WHAT THE TASK REQUIRES:
Without any pictures, retype exactly the lines that begin at the one holding "19日むぎごはん ぎゅうにゅう とりごぼうごはんのぐ はまっこキャベツナ みそしる" and end at the last line of the data below.

***** INPUT DATA

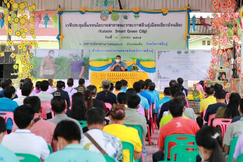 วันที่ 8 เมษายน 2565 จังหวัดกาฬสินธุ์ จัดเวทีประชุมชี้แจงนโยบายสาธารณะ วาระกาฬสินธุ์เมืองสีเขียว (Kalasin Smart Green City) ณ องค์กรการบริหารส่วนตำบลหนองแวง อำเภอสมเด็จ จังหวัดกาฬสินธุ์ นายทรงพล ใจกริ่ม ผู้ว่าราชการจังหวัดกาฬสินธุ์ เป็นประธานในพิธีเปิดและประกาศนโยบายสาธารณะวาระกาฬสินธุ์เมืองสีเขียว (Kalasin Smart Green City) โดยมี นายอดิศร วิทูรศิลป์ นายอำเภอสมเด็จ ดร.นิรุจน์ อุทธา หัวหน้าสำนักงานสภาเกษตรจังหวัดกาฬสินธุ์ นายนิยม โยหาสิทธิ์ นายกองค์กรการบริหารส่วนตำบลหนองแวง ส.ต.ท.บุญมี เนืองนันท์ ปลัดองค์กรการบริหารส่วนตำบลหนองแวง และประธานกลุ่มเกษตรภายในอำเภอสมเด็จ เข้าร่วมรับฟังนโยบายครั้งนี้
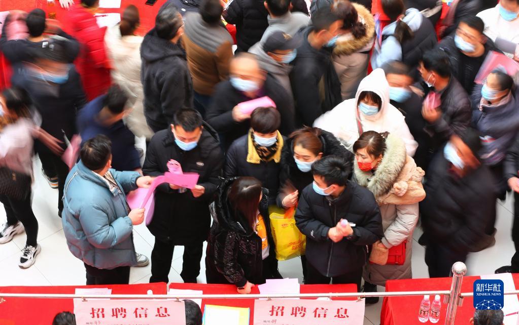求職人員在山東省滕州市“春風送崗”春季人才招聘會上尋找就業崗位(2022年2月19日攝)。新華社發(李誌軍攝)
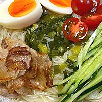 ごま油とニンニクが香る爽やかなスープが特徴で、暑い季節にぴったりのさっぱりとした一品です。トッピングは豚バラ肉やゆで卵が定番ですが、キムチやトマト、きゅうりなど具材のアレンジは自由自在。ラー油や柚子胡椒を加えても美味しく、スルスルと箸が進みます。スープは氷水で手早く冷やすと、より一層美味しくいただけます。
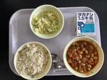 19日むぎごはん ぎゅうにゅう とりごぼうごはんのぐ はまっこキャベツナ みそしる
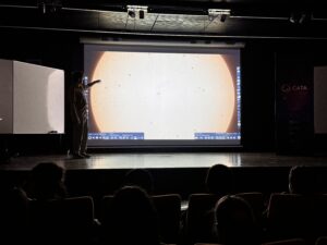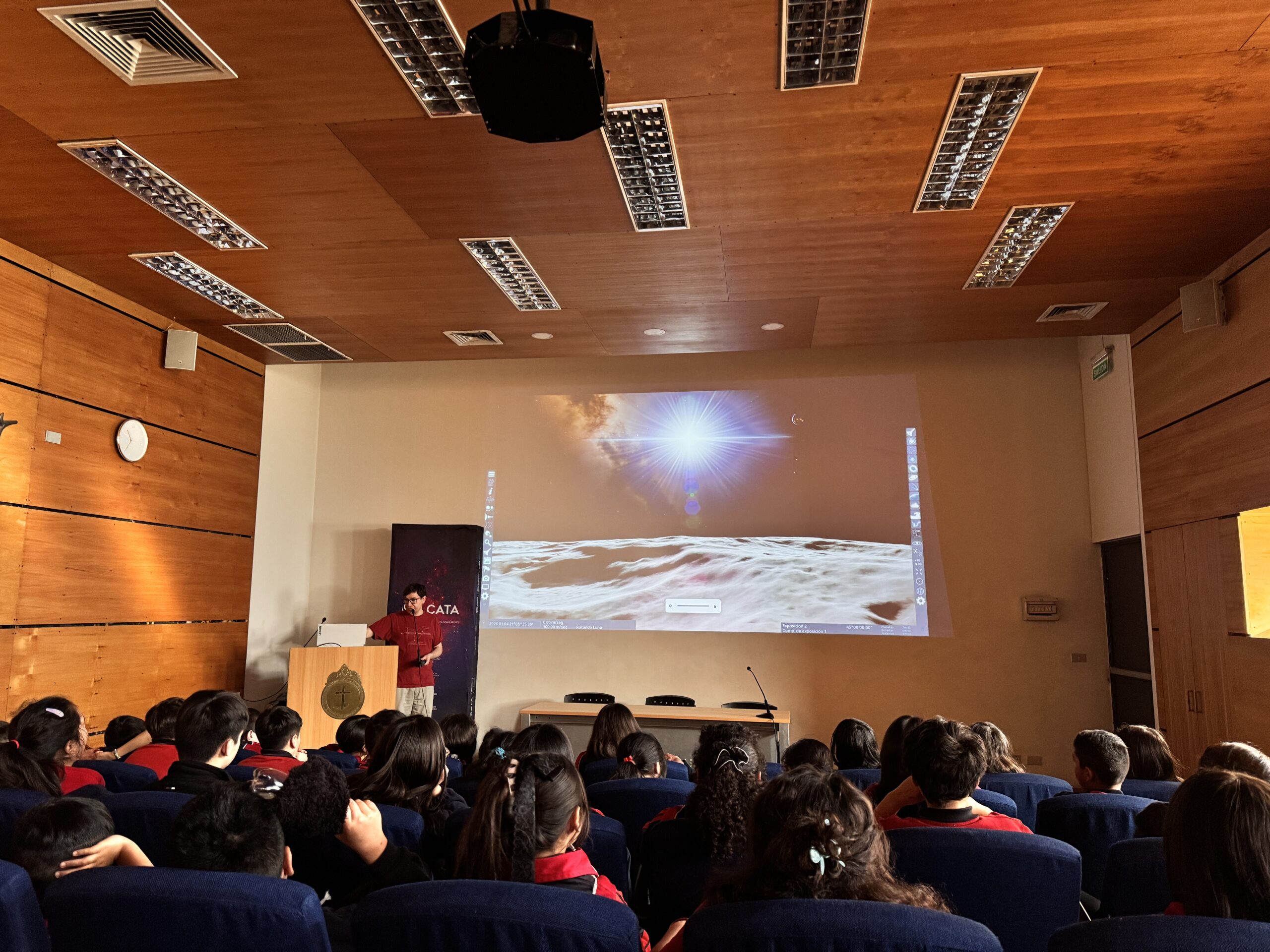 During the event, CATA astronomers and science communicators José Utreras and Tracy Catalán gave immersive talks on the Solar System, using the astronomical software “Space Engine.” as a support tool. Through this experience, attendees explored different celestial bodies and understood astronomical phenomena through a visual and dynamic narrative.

**********

WRITTEN RESPONSE:
 19日むぎごはん ぎゅうにゅう とりごぼうごはんのぐ はまっこキャベツナ みそしる
 During the event, CATA astronomers and science communicators José Utreras and Tracy Catalán gave immersive talks on the Solar System, using the astronomical software “Space Engine.” as a support tool. Through this experience, attendees explored different celestial bodies and understood astronomical phenomena through a visual and dynamic narrative.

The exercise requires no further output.